==== Supplied information
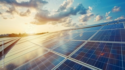 Solar panel on factory or house roof top. Photovoltaic power supply systems. Solar power plant. The source of ecological renewable energy, environment, power, technology
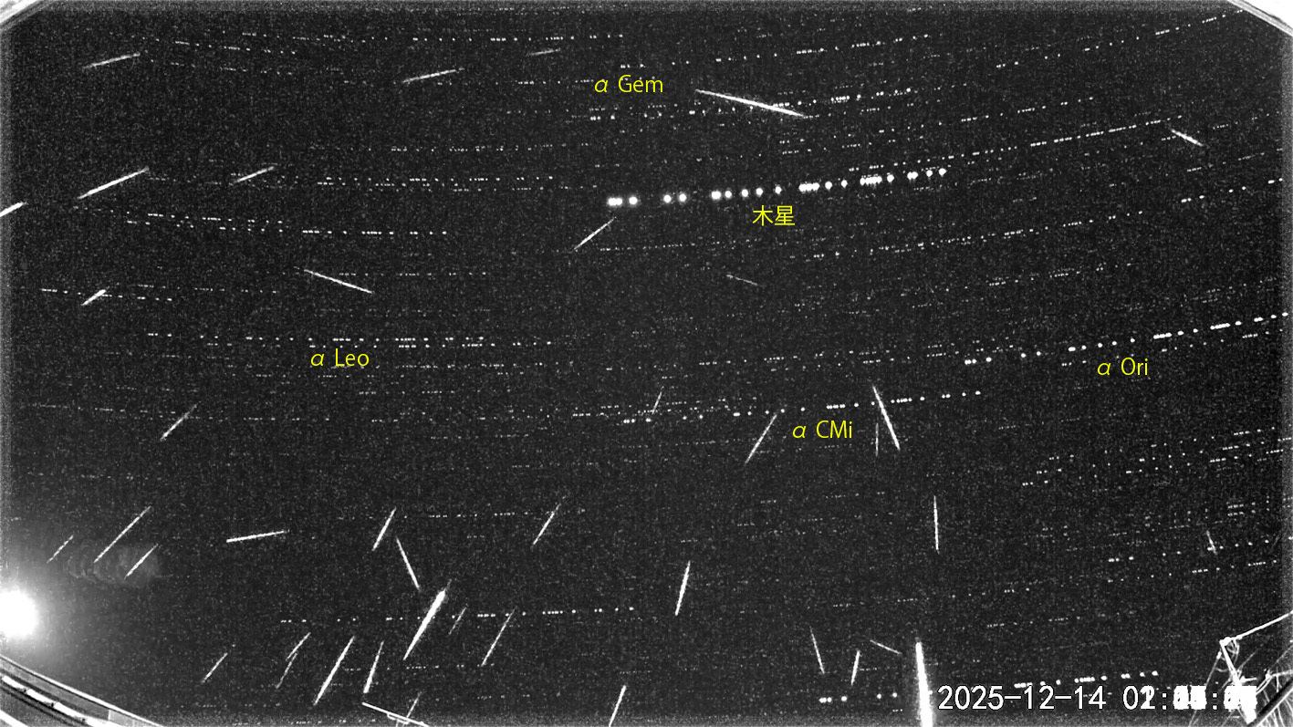 01:12から約2時間の40コマを処理しました。極大日の未明にあたり、天候はほぼ晴れていました。 出現した順に数字と記号を始点付近に記入。tは痕traceあり。 【流星群記号】G:ふたご座流星群、Mo:いっかくじゅう座流星群、Hy:うみへび座流星群、Co:かみのけ座流星群 ほとんどが「ふたご座群」流星のため、個別番号は省略。
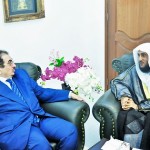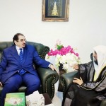 وكان برفقة الأستاذ الدكتور محمد بن خليفة التميمي. الأخ أحمد فلاتة منسق العلاقات العامة حيث تم أثناء اللقاء تسليم خطاب دعوة لزيارة جامعة المدينة العالمية.
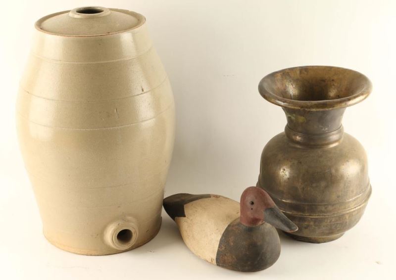 Including: wood decoy, brass spittoon, and a ceramic decanter.
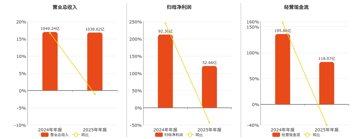 公司营业总收入为1038.62亿元,较去年同报告期营业总收入减少17.83亿元,同比较去年同期下降1.69%。归母净利润为52.66亿元,较去年同报告期归母净利润减少40.14亿元,同比较去年同期下降43.25%。经营活动现金净流入为118.07亿元,较去年同报告期经营活动现金净流入减少77.99亿元,同比较去年同期下降39.78%。
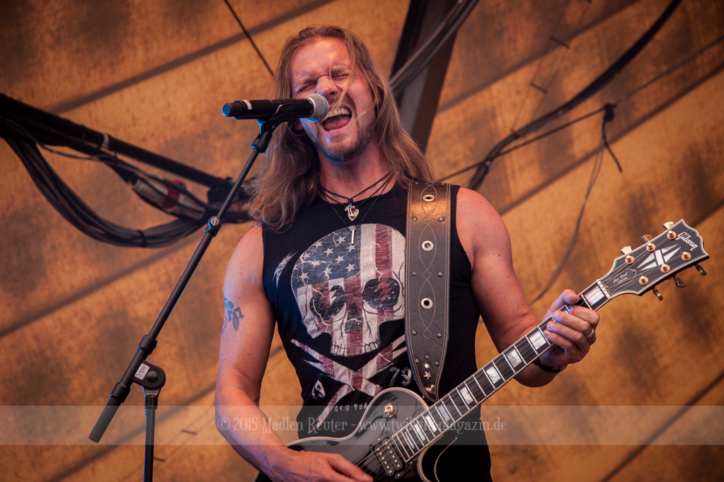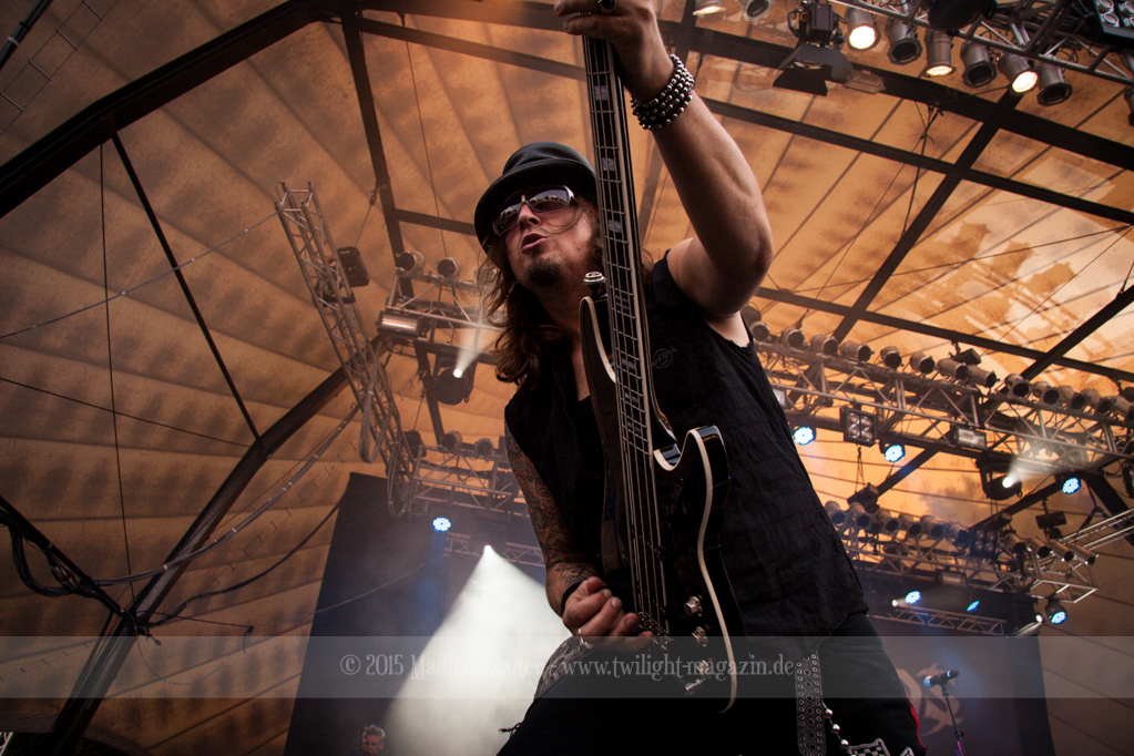 Weiter ging es mit GOTTHARD. Musikalisch finde ich die Band ziemlich gut, darum hatte ich mich schon sehr auf den Auftritt gefreut. Von ruhigen Songs bis zu fetten Rockhymnen haben die Jungs alles im Gepäck, und dies erfreute auch das Publikum sichtlich. Da nun die Sonne untergegangen war, wurde die Stimmung in den Zuschauerreihen, von Song zu Song, besser. Auch die Lichtshow konnte man nun viel besser wahrnehmen, und das war auch gut so. Bei einem Song durfte dann auch eine Handvoll Leute auf die Bühne, die zusammen mit der Band abfeierten. Sehr guter Auftritt, der für ausgelassene Stimmung sorgte, und Bock auf den Headliner machte.
========
## Exercise description
Repeat every line above exactly, but omit all images.

## Answer section
 Solar panel on factory or house roof top. Photovoltaic power supply systems. Solar power plant. The source of ecological renewable energy, environment, power, technology
 01:12から約2時間の40コマを処理しました。極大日の未明にあたり、天候はほぼ晴れていました。 出現した順に数字と記号を始点付近に記入。tは痕traceあり。 【流星群記号】G:ふたご座流星群、Mo:いっかくじゅう座流星群、Hy:うみへび座流星群、Co:かみのけ座流星群 ほとんどが「ふたご座群」流星のため、個別番号は省略。
 وكان برفقة الأستاذ الدكتور محمد بن خليفة التميمي. الأخ أحمد فلاتة منسق العلاقات العامة حيث تم أثناء اللقاء تسليم خطاب دعوة لزيارة جامعة المدينة العالمية.
 Including: wood decoy, brass spittoon, and a ceramic decanter.
 公司营业总收入为1038.62亿元,较去年同报告期营业总收入减少17.83亿元,同比较去年同期下降1.69%。归母净利润为52.66亿元,较去年同报告期归母净利润减少40.14亿元,同比较去年同期下降43.25%。经营活动现金净流入为118.07亿元,较去年同报告期经营活动现金净流入减少77.99亿元,同比较去年同期下降39.78%。
 Weiter ging es mit GOTTHARD. Musikalisch finde ich die Band ziemlich gut, darum hatte ich mich schon sehr auf den Auftritt gefreut. Von ruhigen Songs bis zu fetten Rockhymnen haben die Jungs alles im Gepäck, und dies erfreute auch das Publikum sichtlich. Da nun die Sonne untergegangen war, wurde die Stimmung in den Zuschauerreihen, von Song zu Song, besser. Auch die Lichtshow konnte man nun viel besser wahrnehmen, und das war auch gut so. Bei einem Song durfte dann auch eine Handvoll Leute auf die Bühne, die zusammen mit der Band abfeierten. Sehr guter Auftritt, der für ausgelassene Stimmung sorgte, und Bock auf den Headliner machte.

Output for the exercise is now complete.